Member of the Legislative Council
- In office 30 October 1985 – 25 August 1988
- Succeeded by: Jimmy McGregor
- Constituency: Commercial (First)

Personal details
- Born: 1934 Edinburgh, Scotland
- Died: 4 May 2007 (aged 73) Delray Beach, Florida, U.S.
- Spouse: Claire Hendrixson
- Children: 3
- Education: George Heriot's School University of Edinburgh
- Occupation: Accountant

= Thomas Clydesdale =

Thomas Clydesdale, JP (1934, Edinburgh, Scotland – 2007) was a former member of the Legislative Council of Hong Kong.

Clydesdale was born and brought up in Edinburgh, Scotland. He attended George Heriot's School and the University of Edinburgh. He became a certificated public accountant and member of the Institute of Chartered Accountants of Scotland.
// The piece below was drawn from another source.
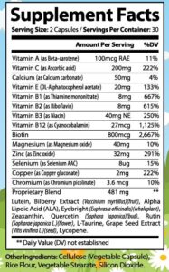 - Comprehensive Vision Support: With the power of Vitamin A, Lutein, and Bilberry Extract, our supplement aids in promoting healthy vision and supporting macular health, providing all-around care for your eyes.

He was also a fellow of the Hong Kong Society of Accountants and the president of the Society in 1982. Clydesdale was an accountant with Lowe Bingham & Matthews (now PricewaterhouseCoopers) from 1959 until he retired as senior partner in 1989.

He was the president of the Hong Kong General Chamber of Commerce between 1986 and 1987 and Chamber's representative in the Legislative Council through the Commercial (First) functional constituency.